This is an automated email from the ASF dual-hosted git repository.

njayaram pushed a commit to branch master
in repository https://gitbox.apache.org/repos/asf/madlib.git

commit 5a2cea7aaf0253d466f13e720f32b9533a2682ad
Author: Nandish Jayaram <nj...@apache.org>
AuthorDate: Wed Apr 17 11:11:06 2019 -0700

    DL: Add Postgres support
    
    JIRA: MADLIB-1311
    This commit decouples GPDB specific code to enable Postgres support too
    for Deep Learning modules.
    
    There is a weird failure happenning when `import keras` and
    `array_scalar_mult` are called one after another. We have opened
    MADLIB-1326 to track this issue.
    
    Closes #371
    Co-authored-by: Orhan Kislal <ok...@apache.org>
---
 .../modules/deep_learning/madlib_keras.py_in       | 90 +++++++++++++---------
 .../modules/deep_learning/madlib_keras.sql_in      |  2 +-
 .../deep_learning/madlib_keras_wrapper.py_in       |  6 +-
 .../modules/deep_learning/test/madlib_keras.sql_in | 39 ++++++++--
 4 files changed, 92 insertions(+), 45 deletions(-)
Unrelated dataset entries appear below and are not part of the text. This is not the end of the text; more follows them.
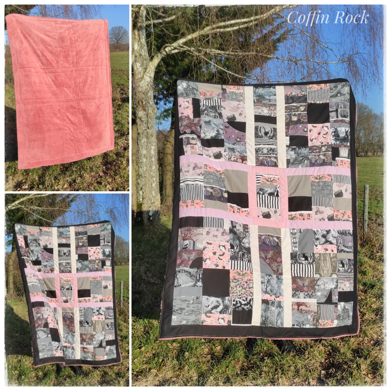 This blanket was made possible thanks to the creator Little Black Owl who provided me with some of the scraps that I used for this production. I invite you to discover her fabulous work on social networks, in addition, she is a very nice human :) There are of course some pieces of fabrics from my personal stock, and the cover on the back is new.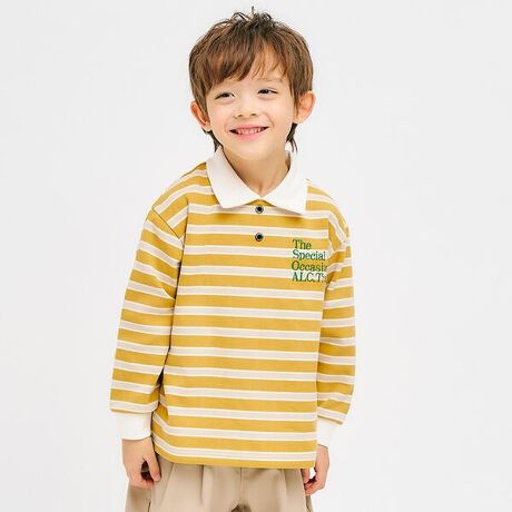 衿やボタンが付いたポロシャツ風のロンT。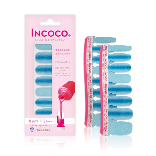 インココはシートが柔らかくて伸張性があるため、優しく伸ばして微調整をしたり指先でカットすることができます。そのためハンドもフットも兼用、同じ商品をそのまま使うことが出来ます。サンダルシーズンには欠かせないフットネイルも、是非インココで手軽にお楽しみください。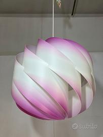 Lampadario in Polilux bianco sfumato viola, materiale leggero facile da pulire che garantisce robustezza, resistenza agli urti, trasparenza, diffusione della luce e non ingiallisce.
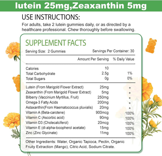 60-Count Lutein and Marigold Flower Vision Support Gummies for Healthy Eyes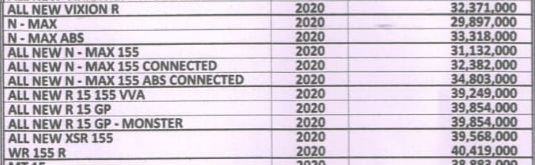 Mendapatkan info dari Sist Christine, PR Yamaha Jatim, seperti pada gambar dibawah ini yang update terbarunya pada 27 November 2020 lalu, harga New NMAX 155 VVA berkisar direntang harga 29 jutaan – 34 jutaan dari 5 varian yang ditawarkan. Lah detail harganya gimana kok cuman ancer-ancer saja? Seng tenang… A’A akan floor untuk panjenengan semua. Ok? Monggo disedot…

diff --git a/src/ports/postgres/modules/deep_learning/madlib_keras.py_in b/src/ports/postgres/modules/deep_learning/madlib_keras.py_in
index bbbcfb4..8d4e384 100644
--- a/src/ports/postgres/modules/deep_learning/madlib_keras.py_in
+++ b/src/ports/postgres/modules/deep_learning/madlib_keras.py_in
@@ -46,6 +46,7 @@ from keras_model_arch_table import Format
 
 from utilities.model_arch_info import get_input_shape
 from utilities.model_arch_info import get_num_classes
+from utilities.utilities import is_platform_pg
 from utilities.utilities import madlib_version
 from utilities.validate_args import get_col_value_and_type
 
@@ -102,39 +103,46 @@ def fit(schema_madlib, source_table, model, dependent_varname,
     validation_set_provided = bool(validation_table)
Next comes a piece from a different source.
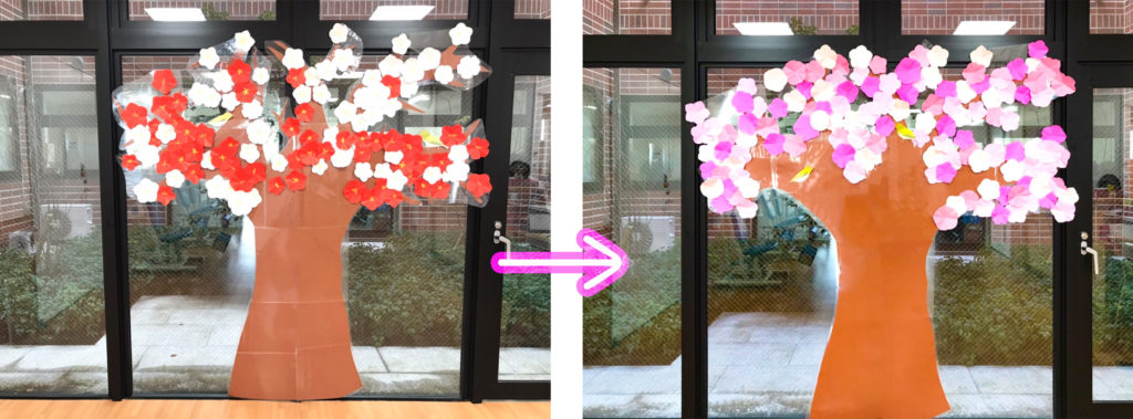 ですが、壁画の作成話から話題が増えたことで、作る工程も楽しめると考え、2020年は1本の木が季節ごとに変化する壁画にもチャレンジしました。

     validation_aggregate_accuracy = []; validation_aggregate_loss = []
 
-    # Compute total buffers on each segment
-    total_buffers_per_seg = plpy.execute(
-        """ SELECT gp_segment_id, count(*) AS total_buffers_per_seg
-            FROM {0}
-            GROUP BY gp_segment_id
-        """.format(source_table))
-    seg_nums = [int(each_buffer["gp_segment_id"])
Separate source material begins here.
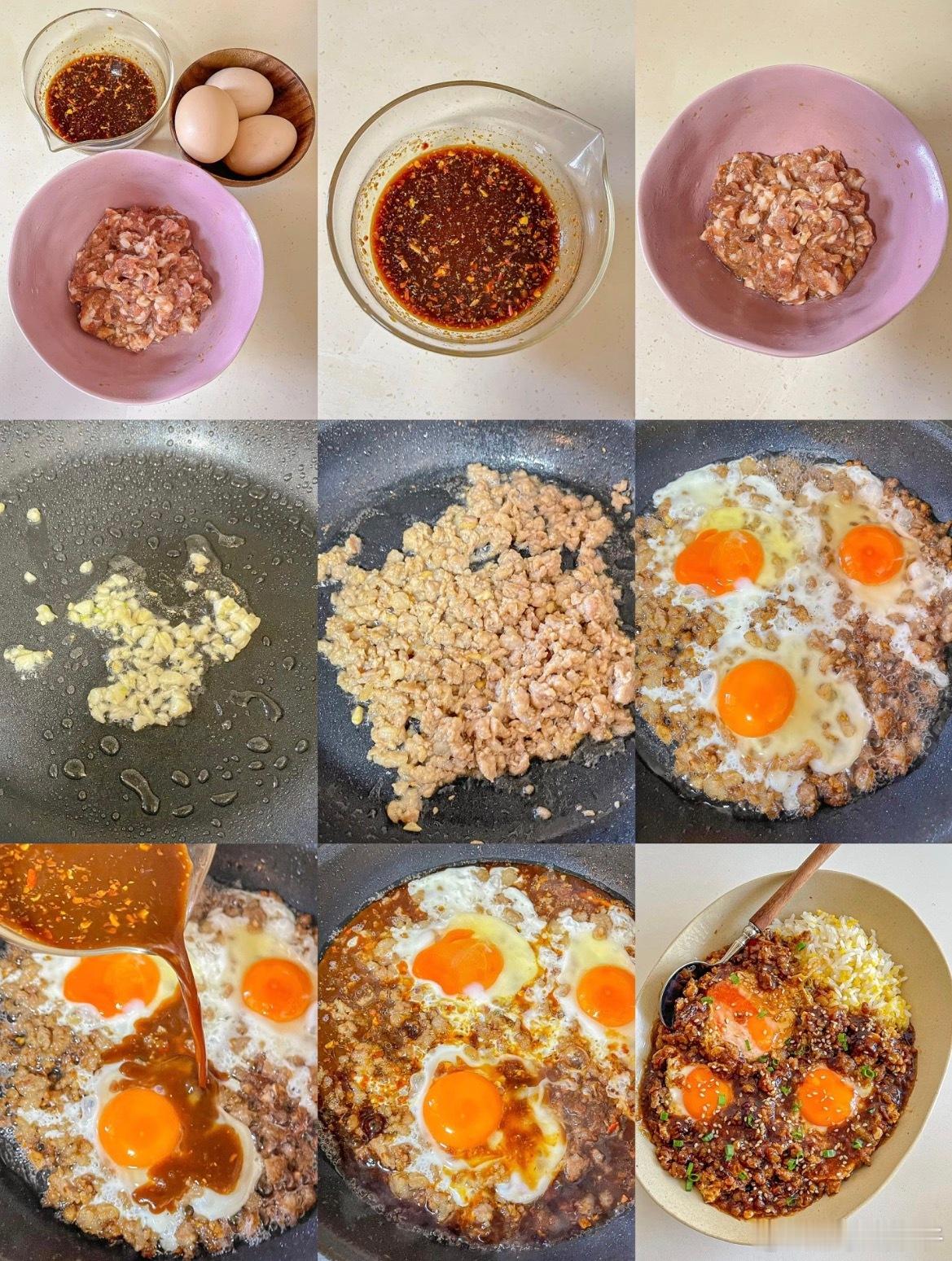 最近老刷到这个鸡蛋肉沫盖饭今天终于做了~配米饭真嘟一绝!食材:🍛鸡蛋➕肉沫酱汁:🥣1勺生抽➕1勺耗油➕半勺老抽➕半勺醋➕1勺生粉➕1勺辣椒粉➕少量盐➕少量白胡椒粉(搅拌均匀备用)做法:🍳1️⃣肉沫用1勺耗油1勺生抽 1勺淀粉翻拌均匀 喷一层油2️⃣锅热放油 把大蒜末爆炒出香味 放入肉沫 炒出油脂3️⃣打入3个鸡蛋 等鸡蛋凝固后倒入酱汁 小火慢慢煮至浓稠即可食材就只有鸡蛋和肉沫~ 而且做法简单 三步就可以搞定肉香四溢!香味扑鼻 汤汁巨浓稠~鸡蛋扒开还是流心的 搭配米饭嘎嘎香😎好吃到转圈圈⭕组个冬日养生局温暖的食光兴趣稀引力计划

-        for each_buffer in total_buffers_per_seg]
+    if is_platform_pg():
+        total_buffers_per_seg = plpy.execute(
+            """ SELECT count(*) AS total_buffers_per_seg
+                FROM {0}
+            """.format(source_table))
+        seg_nums = "[]::integer[]"
+        gp_segment_id_col = -1
+    else:
+        # Compute total buffers on each segment
+        total_buffers_per_seg = plpy.execute(
+            """ SELECT gp_segment_id, count(*) AS total_buffers_per_seg
+                FROM {0}
+                GROUP BY gp_segment_id
+            """.format(source_table))
+        seg_nums = [int(each_buffer["gp_segment_id"])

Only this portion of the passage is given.